It’s not easy being a superstar anti-establishment art celebrity. Back in the late 1990s I was one of a group of art students who, for a time, became mildly famous as art pranksters. Within the group we could never be sure – and this despite our most earnest efforts – that our work really was the stuff of revolution. But we were in the papers. We were on the Turner Prize programme. We were even offered a book deal. Nonetheless it’s hard to maintain revolutionary kudos once you’ve been interviewed by Timmy Mallett.
And so I feel for Banksy. In Bristol, his street-pieces are still powerful landmarks even if we know, and he knows, what a dichotomy he represents, caught somewhere between art and artifice; an anarchist in capitalist giftwrap.
This being so, I was not expecting much from his latest hyped-up creation, Dismaland.

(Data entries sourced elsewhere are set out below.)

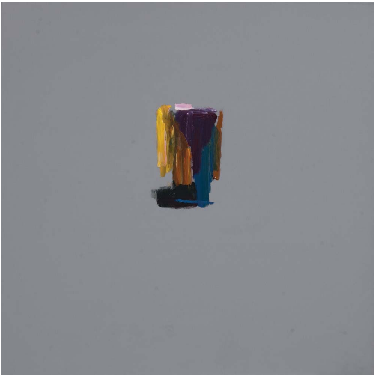
BEZ NASLOVA, 1999. akrilik na platnu, 101,6x101,6 cm
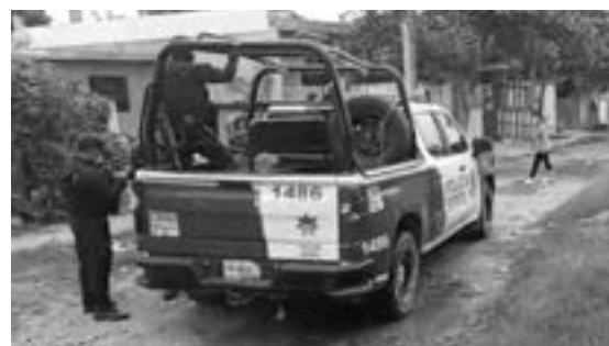
VECINOS DEL lugar llamaron a la Policía Estatal.

Los elementos de la Policía Estatal Acreditada se llevaron detenido al sujeto a bordo de la unidad
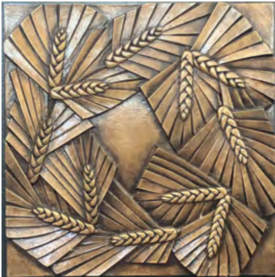
Raymond Subes, détail d'un banc de communion, cathédrale Notre-Dame-et-Saint-Vaast, Arras
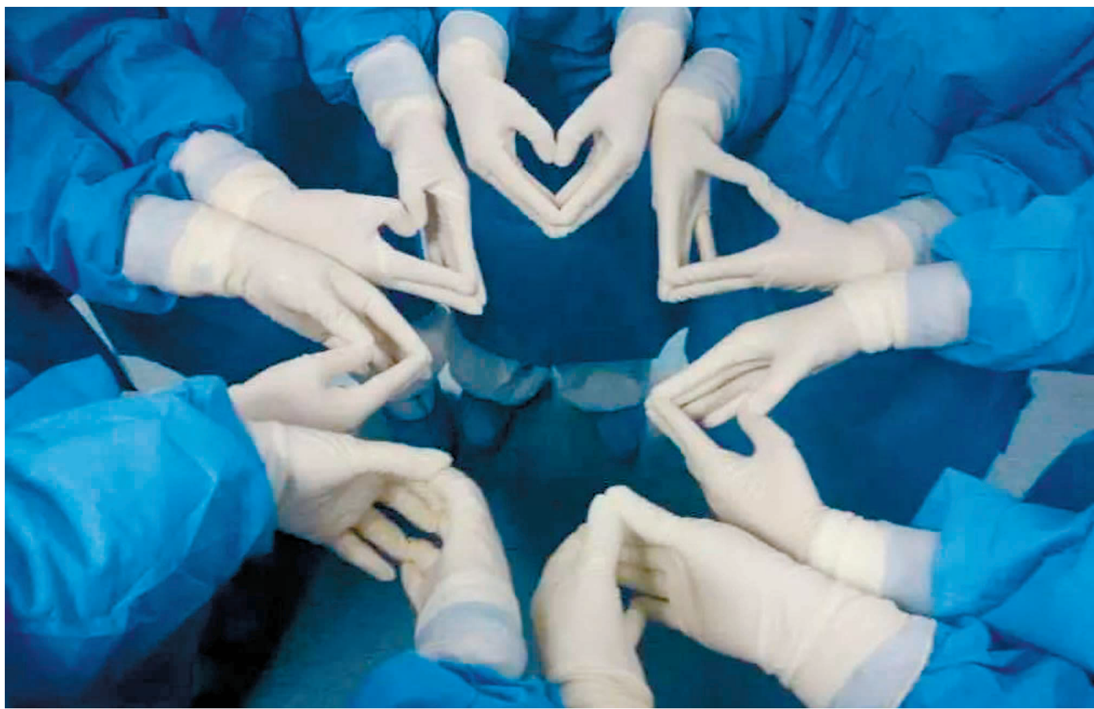
四川省第二中医医院医护人员“比心”
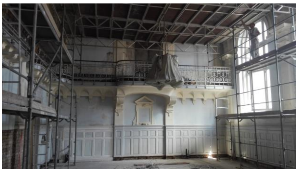
A földem már elkészült
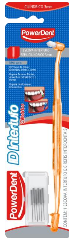
312011 INTERTUFO +REFIL CILINDRICO
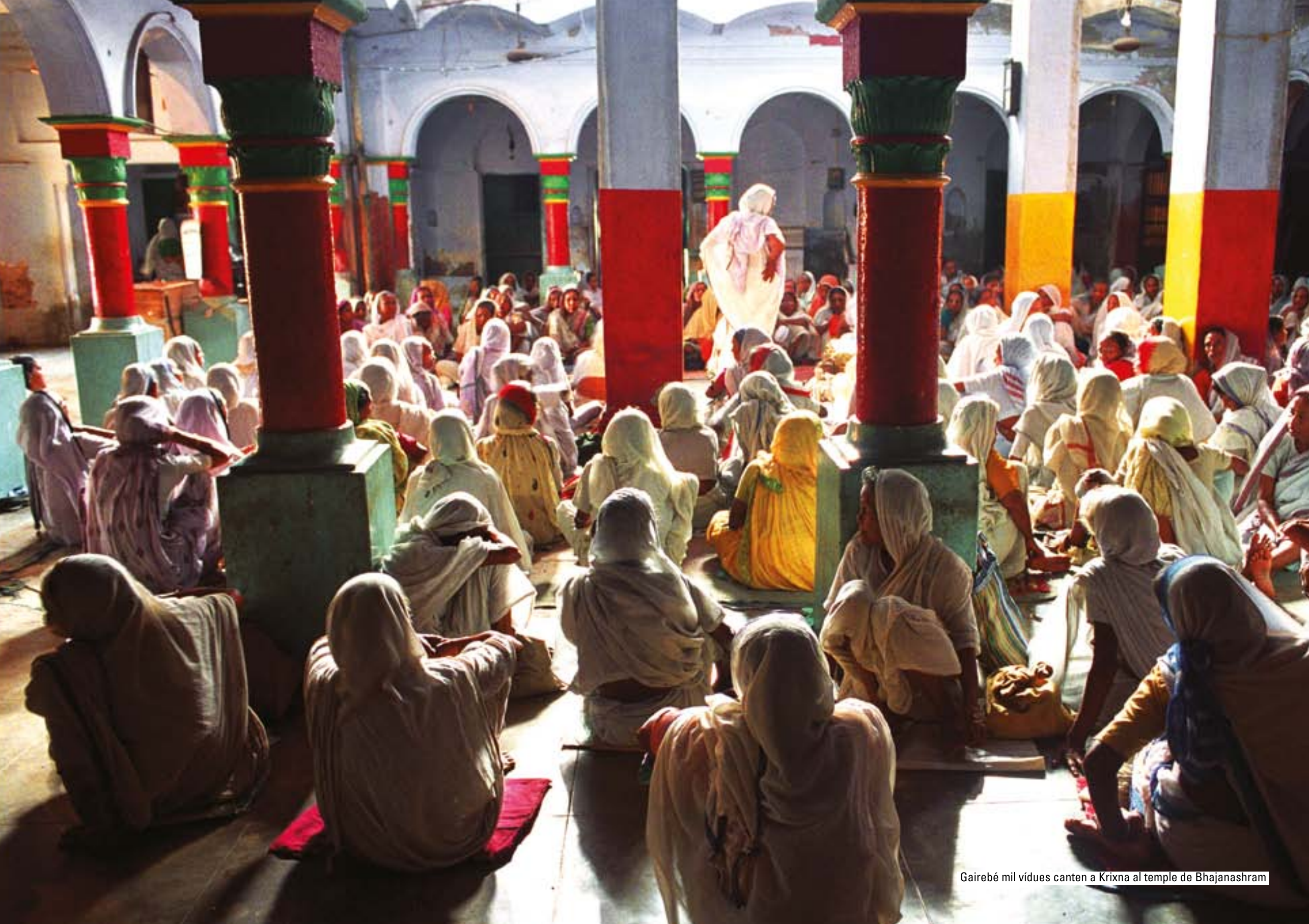
Gairebé mil vídues canten a Krixna al temple de Bhajanashram
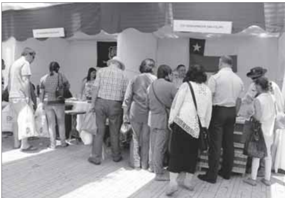
Excelentes ventas logradas durante los días que duró la iniciativa.
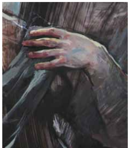
Upřímnost (detail 2)
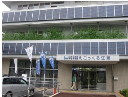
えこっくる江東のみどりのカーテン
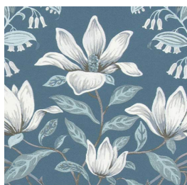
Parterre (パルテール) ML-3366

カーテン見本帳 Melodia2020-2023 Peonies (ピオニー) ML-3368
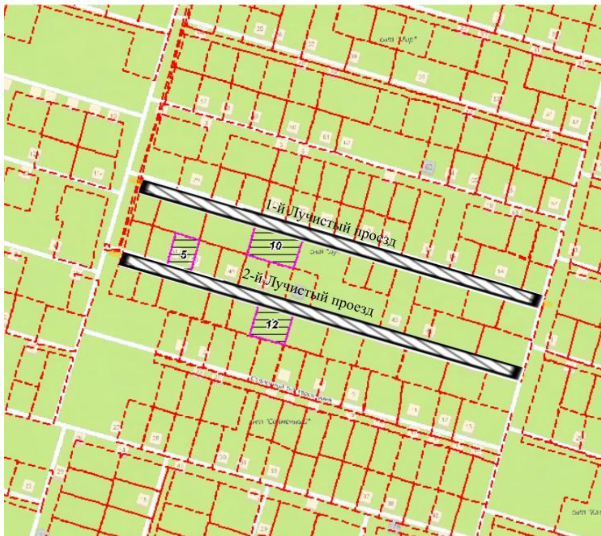
Схема расположения элементов планировочной структуры в Гагаринском административном районе

Приложение к постановлению администрации муниципального образования «Город Саратов» от 24 октября 2023 года № 4891
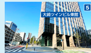
「ベルサール大崎東」(住友不動産大崎ツインビル東館)に到着します。
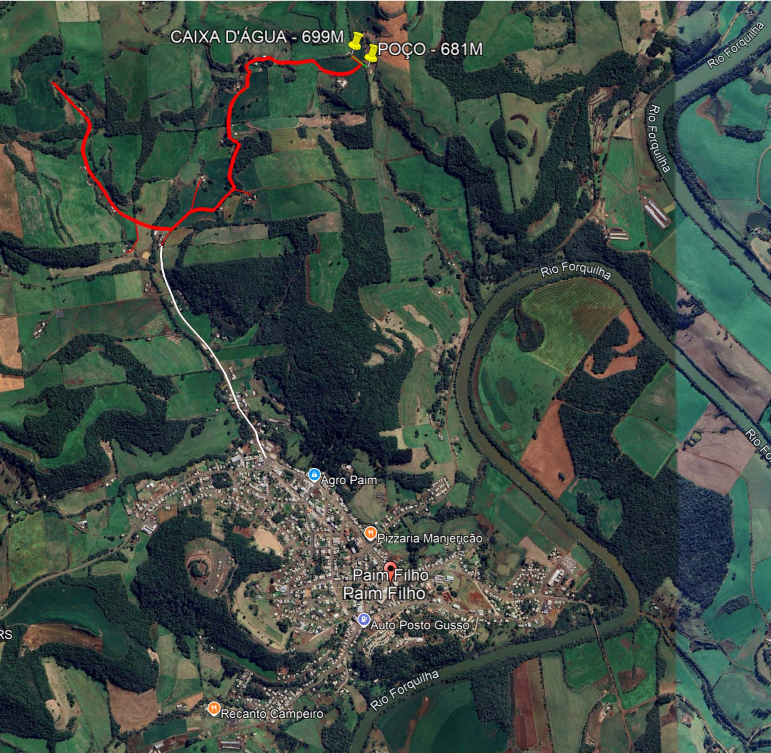
Imagem Google Earth: localização da comunidade de Santo Antônio
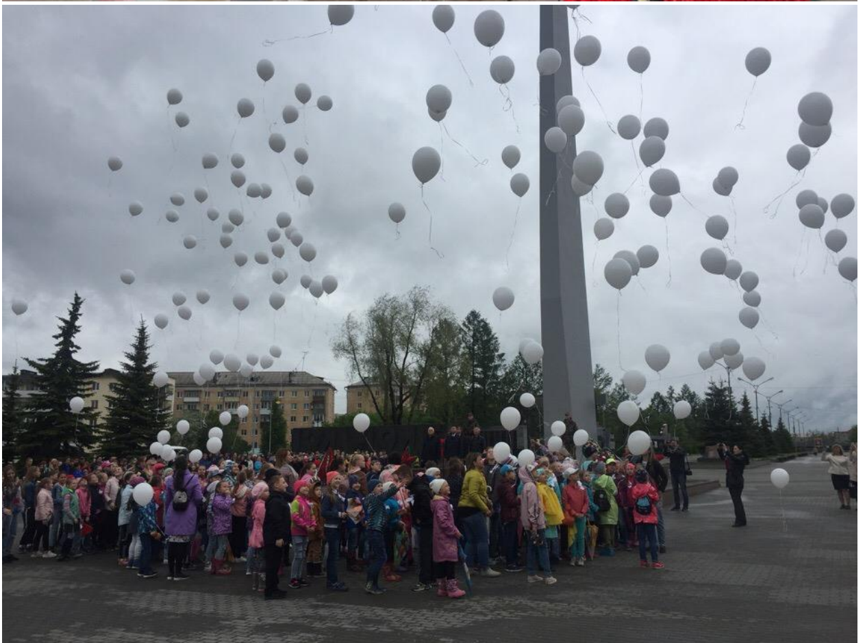
Митинг на площади Славы
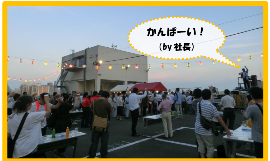
当社社長の乾杯音頭で開会
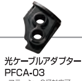
光ケーブルアダプター PFCA-03 ・フラッシュ2灯対応可
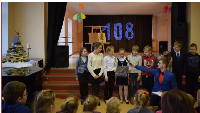
Pristatome savo sukurtas kalėdines pasakas

I assumed it would be trying too hard to recapture that lost edginess; that old sold-out soul. An art Dumbo, painting its face like a clown; an elephantine joke that isn’t funny.
And yet. And yet.
Weston-super-Mare has become a byword for every cliche ever mouthed about the British seaside. Fish-paste sandwiches. Miserable donkeys. Rain. More rain. Somewhere along the seafront, a life-size dummy of the Queen stares out from a hotel window.